Tomorrow is my last Sunday on staff at Tucker Street. Did I mention that I have spent the last five years serving as the youth minister of a 30-year old post-denomational/protestant/evangelical church? And they're looking for a part time youth minister, if anyone's looking for a bivocational type of situation.
The thing is, my interactions/conversations with the pastor and the elders of Tucker Street contributed as much or more to my personal "emergence" than all the emerging church-type books I've read. Seriously.
See, about thirty years ago the founding elders were disfellowshipped from Church of Christ. Soon a new fellowship had started. Over the years it has developed its own flavor, conscious of the historic church and faith.
Soon I'll be just a member. Or maybe I should say soon I'll be a member. That's a better way of looking at it. I'm looking forward to being an ordinary member without having to run the youth program. Also, not working there will give me the freedom to be out visiting churches both here in town and elsewhere. We're planning on visiting St. John's Antiochian Orthodox Church some time in August. The Orthodox church has been very intriguing to me.

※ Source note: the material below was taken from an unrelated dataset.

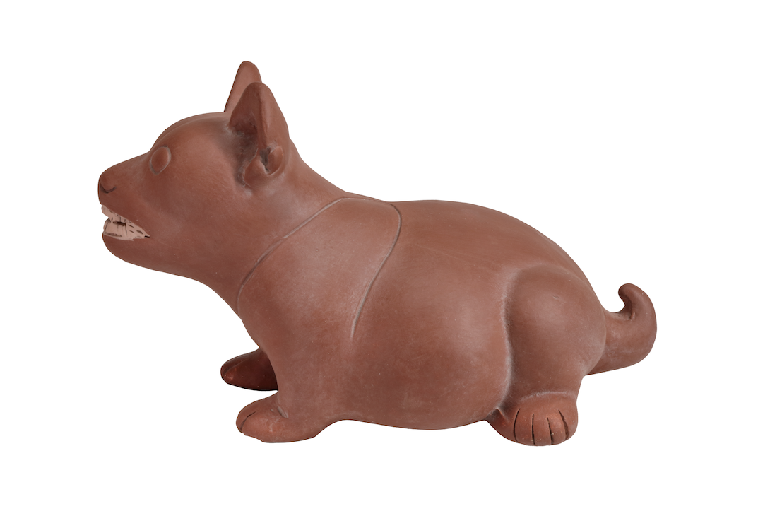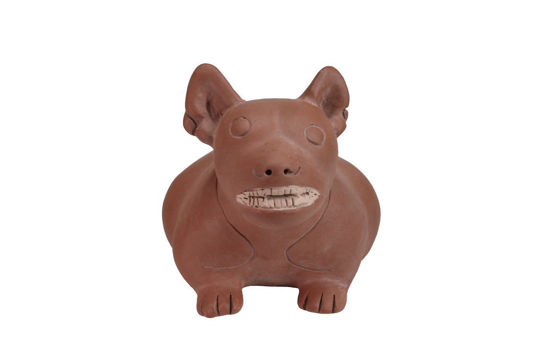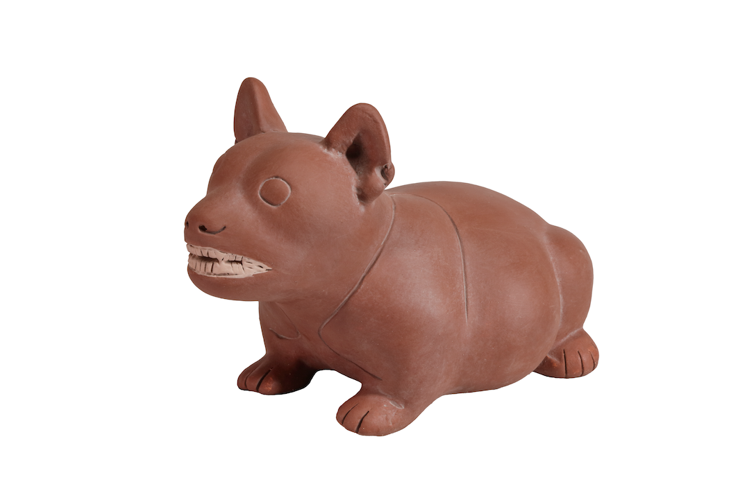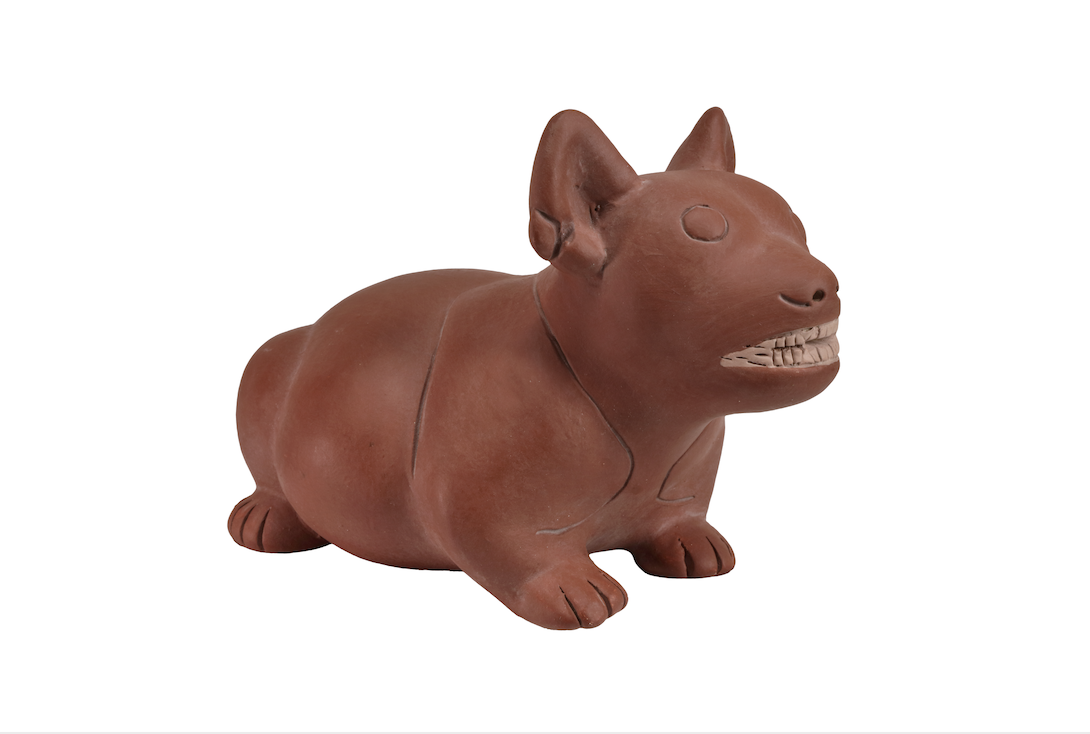 Durante la época clásica, en la anti- gua Colima se realizaron de manera detallada y realista representaciones de la fauna con la que convivieron sus habitantes. El ceramista que realizó magistralmente este recipiente muestra a un perro cebado llamado xoloizcuintle en lengua náhuatl. Este animal acompañaba a su amo en la vida cotidiana o también le servía de alimento.

Needless to say, this transition looks to be a difficult one. It's been hard to paint my office to make it just an office. (In my time there it was painted bright red with a Detroit Red Wings border and lots of memorabilia. Now it's a soothing/serene brown. I'm toying with the idea of hanging a large crucifix on the eastern wall to give it even more of a spiritual refuge appearance. (Plus, that should serve to scare away any hardcore fundamentalists.)
Right now I'm sort of watching my kids as my wife is at a MOPS leadership retreat. Sort of, because obviously they're destroying my house as I post.
In fact, I wrote a more thoughtful version of this post moments ago which was deleted when my son got on the computer to play games while I answered the phone.
I watched a classic anime last night. Probably everyone has seen Castle In The Sky, but it was pretty interesting. The kids and I watched it 2.5 times straight through. They thought it was neat. Man, the English dubbing looks funny. It's like everyone is a skilled ventriloquist. They're talking with their mouths closed. Amazing!
I've been reading Newbigin's The Gospel in a Pluralist Society. It''s a very good read. I like Polanyi's epistemology, or at least, Polanyi's epistemology as dictated/interpreted by Newbigin. It seems to me like this does bring a new higher plane to the debate over liberal/conservative interpretation. Very helpful. For me it has always been more helpful to read books that influence the emerging church folks than to read the emerging church books. So I read Nouwen, I read Foster, I'm working on Lewis, I read Newbigin, I read Guder. Some of that stuff obviously isn't written for mass use, but it's good.
Well, I've rambled long enough.
May God's blessings be on all of you, today and forever.